Jejamo.com, Bandar Lampung – Mendengar kata batik, sebagian besar pembaca mungkin berpikir ini adalah kerajinan kain yang memiliki nilai seni tinggi dan bagian dari budaya Indonesia. Seni membatik merupakan warisan nenek moyang sejak dahulu.
Dulu, batik identik dengan budaya Jawa dan sulit dikembangkan di wilayah lain. Namun, batik Lampung lahir atas tangan dan ide kreatif Gatot Kartiko (49). Melalui produksi rumah batiknya, ia memproduksi “Gabovira”.
Nama ini berasal dari gabungan nama keluarga, Gatot, Debora (istri), Javiana (anak sulung), dan Raga (anak kedua). Setelah membuat plang nama di rumahnya, ikon “Gabovira” ini menjadikan sarana promosinya. Ia sudah menghasilkan beragam motif batik untuk pakaian resmi dan kasual.
Sebelum merintis usaha sebagai pengusaha batik yang sukses seperti sekarang, tahun 1999 perusahaan tempat Gatot bekerja gulung tikar. Akibatnya, ia di-PHK. Untuk memenuhi kebutuhan keluarga, gatot berusaha mencari pekerjaan. Namun, karena faktor usia, ia tak bisa lagi bekerja di sebuah perusahaan.
Dari sisa uang PHK senilai Rp3 juta, ia mencoba merintis usaha berjualan batik, bekerja sama dengan teman-teman di perusahaannya dulu. Ia dipinjamkan barang senilai Rp15 juta, batik dari Pekalongan ia jual ke lampung.

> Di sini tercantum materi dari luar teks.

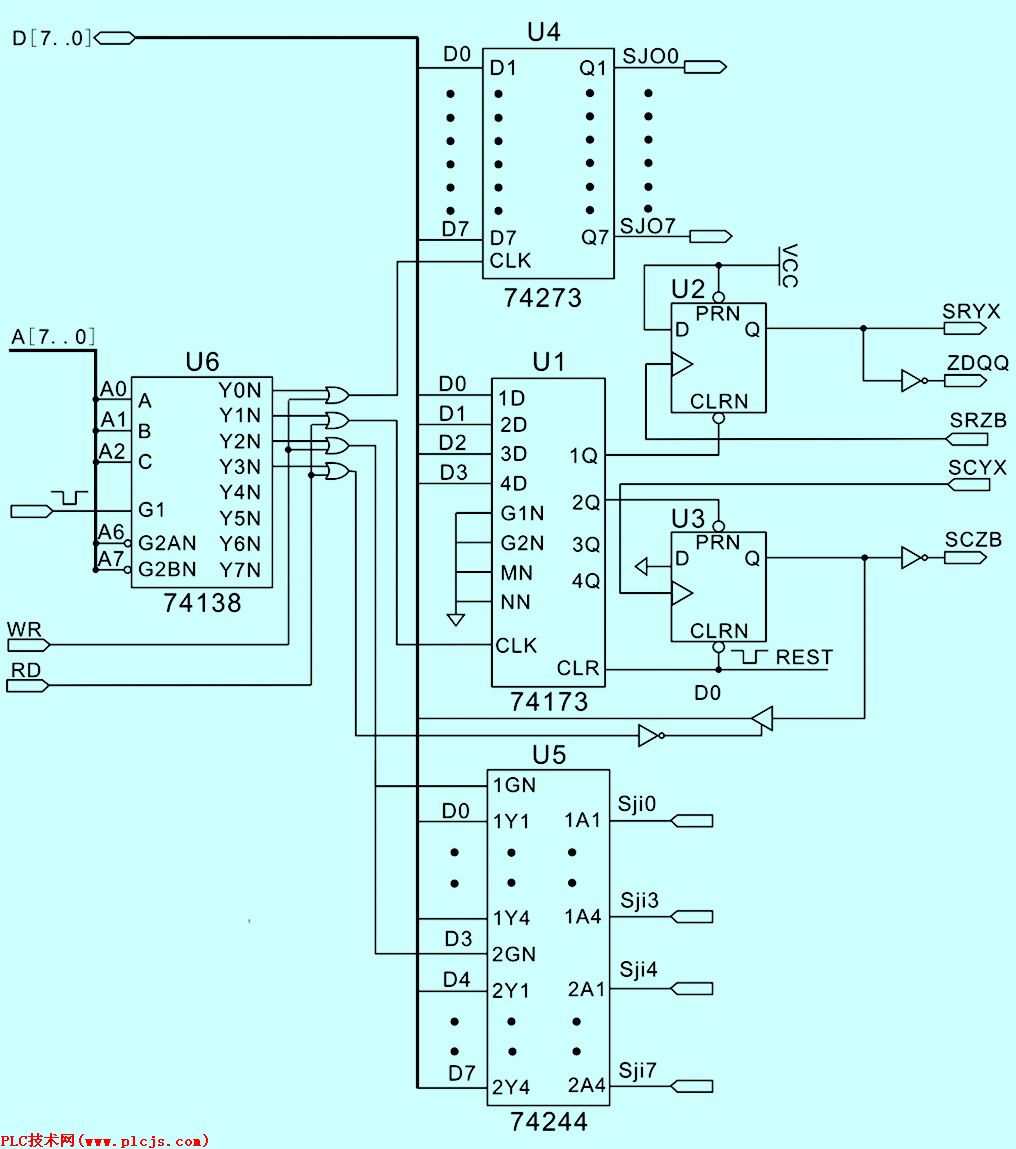 (2) 在输入数据端加斯密特电路(74LS14),将外部传输线上耦合噪声滤除掉。从而提高总线接收的抗干扰性能。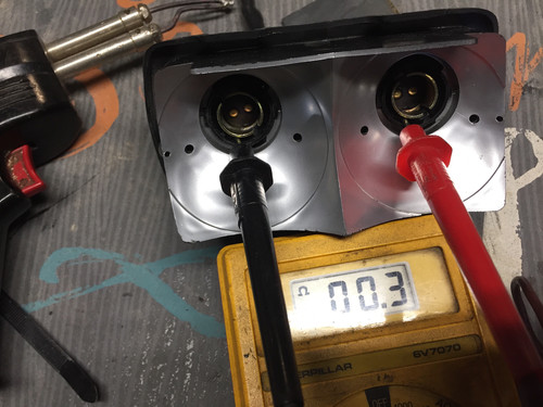 There is NO continuity between the two socket shells (ground). There is continuity between both tail light contacts and the two brake light contacts.  Also check from the plug to the sockets.

Dari pasar ke pasar, dari rumah ke rumah Gatot menawarkan batik Pekalongan yang dijinjingnya itu, sayangnya kurang laku.
“Saya sering diusir pedagang lain di pasar, katanya mengganggu jualan mereka,” ujar Gatot kepada jejamo.com beberapa waktu lalu di rumahnya, Jalan Basudewo B4 No.17 Beringin Raya, Kemiling.
Tahun 2001, Gatot mulai merintis usaha produksi batik khas Lampung. “Saya melihat Lampung ini terkenal adalah tapis dan siger. Namun, batik yang dikenakan masyarakat Lampung kebanyakan motifnya masih kombinasi ornamen Jawa-Lampung.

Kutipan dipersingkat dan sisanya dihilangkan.